In his opinion, there was one hydrogen atom for every oxygen atom. Using the data of the chemist Austin that ammonia contains 20 percent hydrogen and 80 percent nitrogen, he calculated the relative atomic mass of nitrogen. With this result, he came to an interesting conclusion. It turned out that the relative atomic mass (the formula of ammonia was mistakenly taken with one molecule of hydrogen and nitrogen) was four. In his calculations, the scientist relied on Mendeleev’s periodic system. According to the analysis, he calculated that the relative atomic mass of carbon is 4.4, instead of the previously accepted twelve.

Despite his serious mistakes, it was Dalton who was the first to create a table of some elements. It underwent repeated changes during the scientist’s lifetime.

The isotopic component of a substance affects the relative atomic weight accuracy value

When considering the atomic masses of elements, you will notice that the accuracy for each element is different. For example, for lithium it is four-digit, and for fluorine it is eight-digit.

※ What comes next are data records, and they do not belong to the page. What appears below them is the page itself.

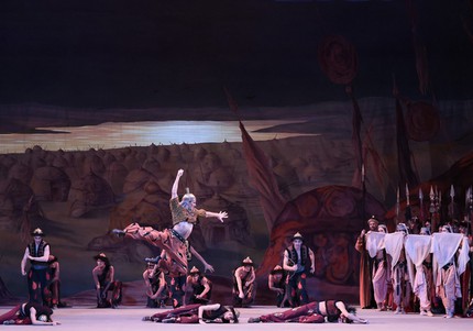 Декорации и костюмы для этой премьеры весьма оперативно предоставил Мариинский театр, и выпуск спектакля состоялся, можно сказать, «ударными темпами». О прекрасной дирижерской работе Антона Гришанина уже было сказано, но при этом как прекрасно – вдохновенно и мощно, – будучи подхваченными хором Большого театра, зазвучали и масштабные – в том числе и вновь обретенные – хоровые страницы (главный хормейстер – Валерий Борисов)! Хор Большого театра был на высоте и в сцене «Половецких плясок», но той первозданной визуальной мощи и всецело захватывающей круговерти танцевального шабаша, к которому Москву приучила динамичная хореография Касьяна Голейзовского, в довольно пресной и спокойной хореографии Михаила Фокина не было и в помине…
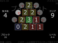 ウディタ製のゲームで操作はマウスクリック。ステージの外側にあるV字の丸をクリックするとそこから伸びる範囲内のパネルの数字が1つ減る。この動きを使って残手数が無くなるまでに全てのパネルをゼロにすれば成功ですぐ次の問題に進む。間違えると30秒のペナルティ、300秒の時間内で高得点を目指す。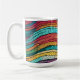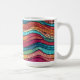 This abstract design merges the fluidity of ocean waves with the intricate beauty of mosaic art. It showcases a mesmerising array of colourful, tessellated waves that ebb and flow. Each wave is composed of small, geometric shapes, creating a unique texture that invites closer inspection. The vibrant colour palette spans from cool aquas and deep blues to warm reds, oranges, and yellows, with splashes of pink and purple adding depth and contrast.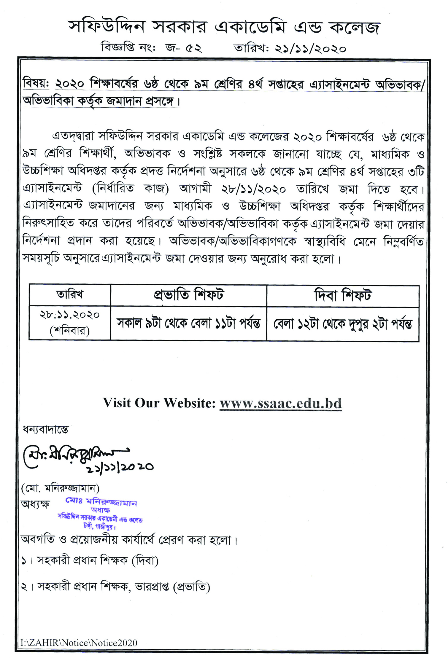 ২০২০ শিক্ষাবর্ষের ৬ষ্ঠ থেকে ৯ম শ্রেণির ৪র্থ সপ্তাহের এ্যাসাইনমেন্ট অভিভাবক/ অভিভাবিকা কর্তৃক জমাদান প্রসঙ্গে। Published on Saturday, November 21, 2020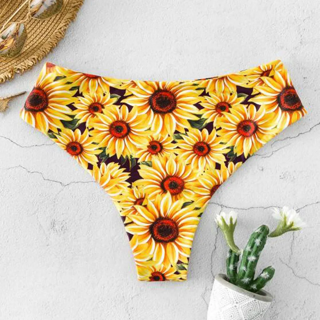 Бикини с принтом подсолнухов, купальная одежда 2021, Женский винтаж...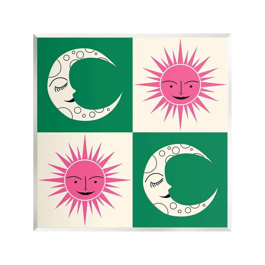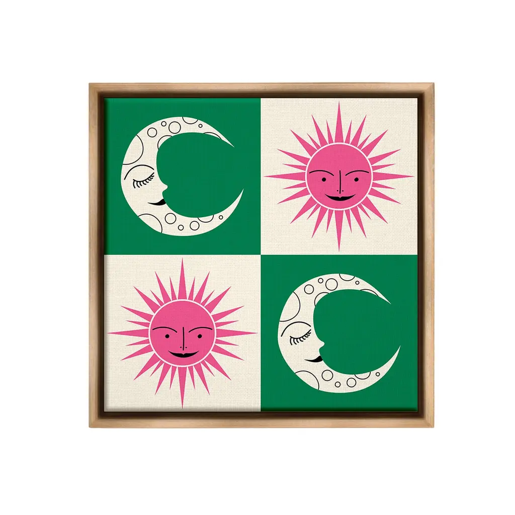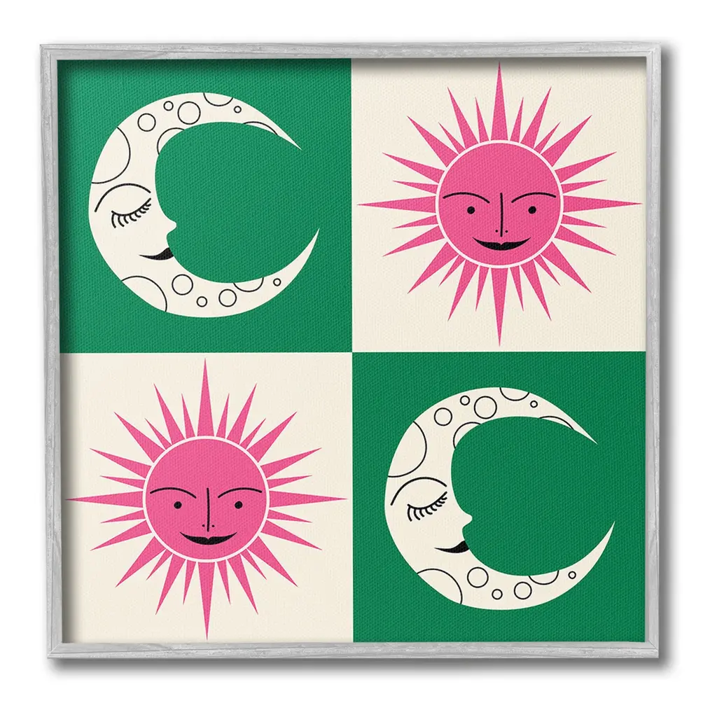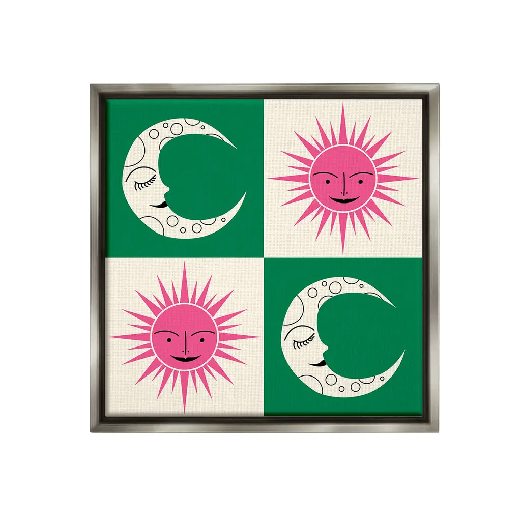 Elevate your home or office to the next level with Stupell Framed Floating Canvas Wall Art. Our premium hand-stretched canvas is mounted securely into a sturdy lightweight frame. The museum-style gap between the wrapped canvas and the box frame gives the illusion of floating artwork. Stupell Wall Art is made in the USA.Features: Dimensions: 18 x 1.7 x 18 Frame, 17 x 1.5 x 17 Canvas ArtFloating Frame Canvas Products are available in sizes 18"x18" and 25"x25". All Floating Frame Canvas Products have a 1.7" Depth.Wall Art is Ready to Hang with Hardware Free Hanging. No Installation required. For Easy Set Up Lean or Layer Artwork on Shelf or Against Wall. Artwork is Permently Fixed into the Frame.Our elevated 1.7" Thick Floating Frame is the perfect complement to our canvas style Wall Art. We use only the highest quality inks in house with industry leading printing solutions. Canvas is hand stretched over a durable wood foundation and then mounted securly into a Modern Box Frame. Made in the USA.Artwork Relates To: Astral, Celestial, Sun, Moon, Pattern, Checkered, Boho, ModernDesign by Carrie Cantwell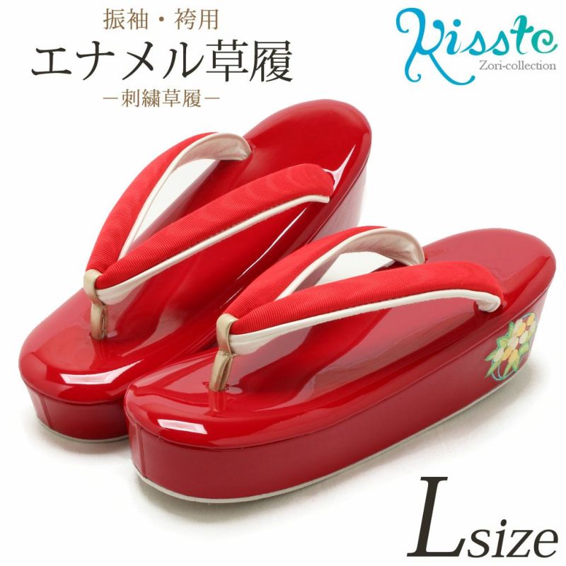他の画像を見る ≪在庫限り≫ 南天刺繍が華やかな振袖用草履 草履 成人式 振袖用 <厚底 ハイヒール> Lサイズ フリーサイズ 日本製<赤/南天 刺繍> 当店特別価格 ¥ 30,800 税込 在庫切れ 詳細を見る お気に入りに登録する

The problem is that the isotopic component of each element is different and not constant. For example, in ordinary water contains three types of hydrogen isotope. These include, in addition to ordinary hydrogen, deuterium and tritium.

The relative atomic mass of hydrogen isotopes is two and three, respectively. “Heavy” water (formed by deuterium and tritium) evaporates less easily. Therefore, there are fewer isotopes of water in the vapor state than in the liquid state.

Selectivity of living organisms to different isotopes

Living organisms have a selective property towards carbon. To build organic molecules carbon with a relative atomic mass of twelve is used. Therefore, substances of organic origin, as well as a number of minerals, such as coal and oil, contain less isotopic content than inorganic materials.
Microorganisms that process and accumulate sulfur leave behind the sulfur isotope 32. In areas where bacteria do not process, the proportion of sulfur isotope is 34, that is, much higher. It is on the basis of the ratio of sulfur in soil rocks that geologists come to a conclusion about the nature of the origin of the layer - whether it has a magmatic or sedimentary nature.

Of all the chemical elements, only one has no isotopes - fluorine. Therefore, its relative atomic mass is more accurate than other elements.

Existence of unstable substances in nature

For some elements relative mass indicated in square brackets. As you can see, these are the elements located after uranium. The fact is that they do not have stable isotopes and decay to release radioactive radiation. Therefore, the most stable isotope is indicated in parentheses.

Over time, it became clear that it was possible to obtain a stable isotope from some of them under artificial conditions. I had to change it in periodic table Mendeleev atomic masses some transuranium elements.

In the process of synthesizing new isotopes and measuring their lifespan, it was sometimes possible to discover nuclides with half-lives millions of times longer.

Science does not stand still, new elements, laws, relationships are constantly being discovered various processes in chemistry and nature. Therefore, in what form will chemistry and periodic table Mendeleev's chemical elements in the future, a hundred years from now, are vague and uncertain. But I would like to believe that the works of chemists accumulated over the past centuries will serve new, more advanced knowledge of our descendants.